The openContainerFS would need some more work, I'm not sure we need to unmount volumes here: https://github.com/moby/moby/blob/master/daemon/containerfs_linux.go#L69, they are unmounted in the finalizer of the struct

This change fixes double-mounting when running an exec or a cp on a running container with the containerd integration enabled. Sharing layers with overlayfs results in an undefined state and things start to randomly break with a "No such file or directory" error.

Graph drivers use reference counting and only mount things once, we can't do this with containerd because we don't know where it mounted the container rootfs.
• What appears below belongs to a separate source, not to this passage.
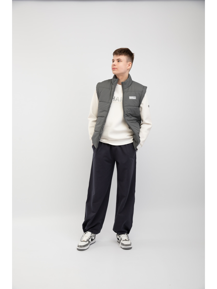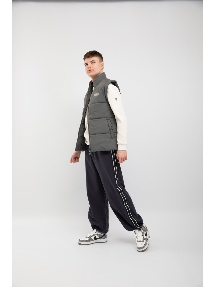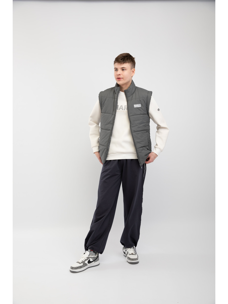 Утепленный демисезонный стеганый жилет свободного прямого силуэта. Воротник-стойка с трикотажной основой надежно защищает от ветра. На полочке светоотражающая нашивка с фирменным логотипом, по низу спинки светоотражающая надпись. Застежка центральная на молнии с ветрозащитной планкой, на круглом пуллере застежки-молнии фирменный логотип. Два удобных боковых кармана с листочкой. Вся наша продукция сертифицирована и соответствует высочайшим стандартам качества, наша компания является участником программы "Бережливое производство"
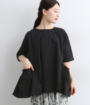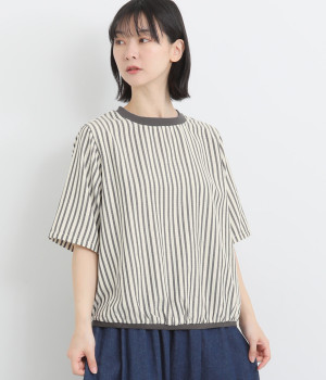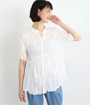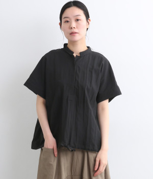コットンTOP糸ダブルガーゼ ネックギャザープルオーバ

Instead of reference counting we return the /proc/<pid>/root directory for exec and/or cp to read from.

- How I did it

Checking the container state and setting the container basefs to /proc/<pid>/root if the container is running.

- How to verify it

You can use this script:

set -x

ID=$(docker run -d nginx)

docker exec $ID mount | wc -l

cat > test <<EOF
Hello cp
EOF

docker cp test $ID:/test

docker exec $ID touch /etc/default/test-file

docker exec $ID mount | wc -l

docker stop $ID

docker cp test $ID:/test2

docker start $ID

docker exec $ID mount | wc -l

docker exec $ID cat /test
docker exec $ID cat /test2

docker stop $ID
docker rm $ID

With current master branch the output is:

./cp.sh 
++ docker run -d nginx
+ ID=88d265e718b3adf0cc9e4c52e1bb363c95a27c91096ac9f1097927eb0772e0a9
+ docker exec 88d265e718b3adf0cc9e4c52e1bb363c95a27c91096ac9f1097927eb0772e0a9 mount
+ wc -l
24
+ cat
+ docker cp test 88d265e718b3adf0cc9e4c52e1bb363c95a27c91096ac9f1097927eb0772e0a9:/test
Successfully copied 2.05kB to 88d265e718b3adf0cc9e4c52e1bb363c95a27c91096ac9f1097927eb0772e0a9:/test
+ docker exec 88d265e718b3adf0cc9e4c52e1bb363c95a27c91096ac9f1097927eb0772e0a9 touch /etc/default/test-file
touch: cannot touch '/etc/default/test-file': No such file or directory
+ docker exec 88d265e718b3adf0cc9e4c52e1bb363c95a27c91096ac9f1097927eb0772e0a9 mount
+ wc -l
24
+ docker stop 88d265e718b3adf0cc9e4c52e1bb363c95a27c91096ac9f1097927eb0772e0a9
88d265e718b3adf0cc9e4c52e1bb363c95a27c91096ac9f1097927eb0772e0a9
+ docker cp test 88d265e718b3adf0cc9e4c52e1bb363c95a27c91096ac9f1097927eb0772e0a9:/test2
Successfully copied 2.05kB to 88d265e718b3adf0cc9e4c52e1bb363c95a27c91096ac9f1097927eb0772e0a9:/test2
+ docker start 88d265e718b3adf0cc9e4c52e1bb363c95a27c91096ac9f1097927eb0772e0a9
88d265e718b3adf0cc9e4c52e1bb363c95a27c91096ac9f1097927eb0772e0a9
+ docker exec 88d265e718b3adf0cc9e4c52e1bb363c95a27c91096ac9f1097927eb0772e0a9 mount
+ wc -l
24
+ docker exec 88d265e718b3adf0cc9e4c52e1bb363c95a27c91096ac9f1097927eb0772e0a9 cat /test
Hello cp
+ docker exec 88d265e718b3adf0cc9e4c52e1bb363c95a27c91096ac9f1097927eb0772e0a9 cat /test2
Hello cp
+ docker stop 88d265e718b3adf0cc9e4c52e1bb363c95a27c91096ac9f1097927eb0772e0a9
88d265e718b3adf0cc9e4c52e1bb363c95a27c91096ac9f1097927eb0772e0a9
+ docker rm 88d265e718b3adf0cc9e4c52e1bb363c95a27c91096ac9f1097927eb0772e0a9
88d265e718b3adf0cc9e4c52e1bb363c95a27c91096ac9f1097927eb0772e0a9

Notice the line touch: cannot touch '/etc/default/test-file': No such file or directory, the rootfs is in an undefined state...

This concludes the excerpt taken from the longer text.